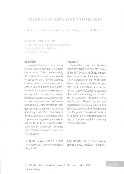 Volodia Teitelboim volcado a la literatura [artículo] Roberto Viereck.
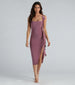 Dare to be noticed in this effortless midi dress perfect for dressy soirees and dates! Capture the moment in this knee-length dress featuring a square neckline. adjustable spaghetti straps. a cascading front ruffle trim. a flattering bodycon silhouette. and a sultry side slit on slinky knit fabric. Complete the look in block heels and a clutch.
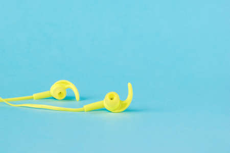 Yellow wired headphones on a bright blue background. Headphones for mobile devices.
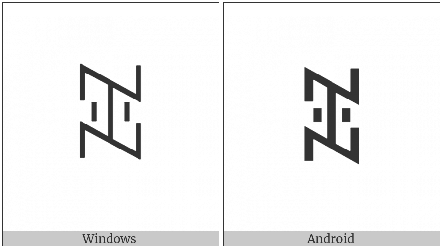 The image below shows how the “Yi Syllable Jjyt” symbol might look like on different operating systems. If the font in which this web site is displayed does not contain the symbol and there is no fallback font able to render it, you can use the image below to get an idea of what it should look like.
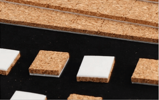 また、同社ではコルク製の他、エチレン酢酸ビニル共重合樹脂(EVA)製のセパレータパッドもお取り扱い致しております。白、黒、赤、青等に着色されているため視認性を上げることができ、厚さや硬さ幅広いラインナップのある緩衝材です。
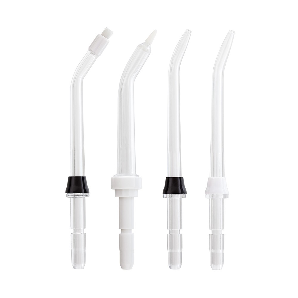 - насадки для ирригатора - 4 шт (стандартные-2 шт., ортодонтальная-1 шт., для брекетов, пародонтальная-1 шт., с мягким наконечником для чувствительных десен)
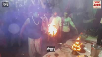 VIDEO : मेरठ के श्री राधा कृष्ण मंदिर शारदा रोड पर बाबा महाकाल की महाआरती में शामिल श्रद्धालु
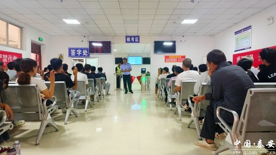 7月18日,秦安县公安局交警大队宣传民辅警走进辖区旭伟科目二考试场开展交通安全宣传活动,为驾校学员送上交通安全知识。

□ □ □

## ASSIGNMENT:
I'd like the material above repeated exactly, with the pictures omitted.

## OUTPUT OF THE EXERCISE:
 Volodia Teitelboim volcado a la literatura [artículo] Roberto Viereck.
 Dare to be noticed in this effortless midi dress perfect for dressy soirees and dates! Capture the moment in this knee-length dress featuring a square neckline. adjustable spaghetti straps. a cascading front ruffle trim. a flattering bodycon silhouette. and a sultry side slit on slinky knit fabric. Complete the look in block heels and a clutch.
 Yellow wired headphones on a bright blue background. Headphones for mobile devices.
 The image below shows how the “Yi Syllable Jjyt” symbol might look like on different operating systems. If the font in which this web site is displayed does not contain the symbol and there is no fallback font able to render it, you can use the image below to get an idea of what it should look like.
 また、同社ではコルク製の他、エチレン酢酸ビニル共重合樹脂(EVA)製のセパレータパッドもお取り扱い致しております。白、黒、赤、青等に着色されているため視認性を上げることができ、厚さや硬さ幅広いラインナップのある緩衝材です。
 - насадки для ирригатора - 4 шт (стандартные-2 шт., ортодонтальная-1 шт., для брекетов, пародонтальная-1 шт., с мягким наконечником для чувствительных десен)
 VIDEO : मेरठ के श्री राधा कृष्ण मंदिर शारदा रोड पर बाबा महाकाल की महाआरती में शामिल श्रद्धालु
 7月18日,秦安县公安局交警大队宣传民辅警走进辖区旭伟科目二考试场开展交通安全宣传活动,为驾校学员送上交通安全知识。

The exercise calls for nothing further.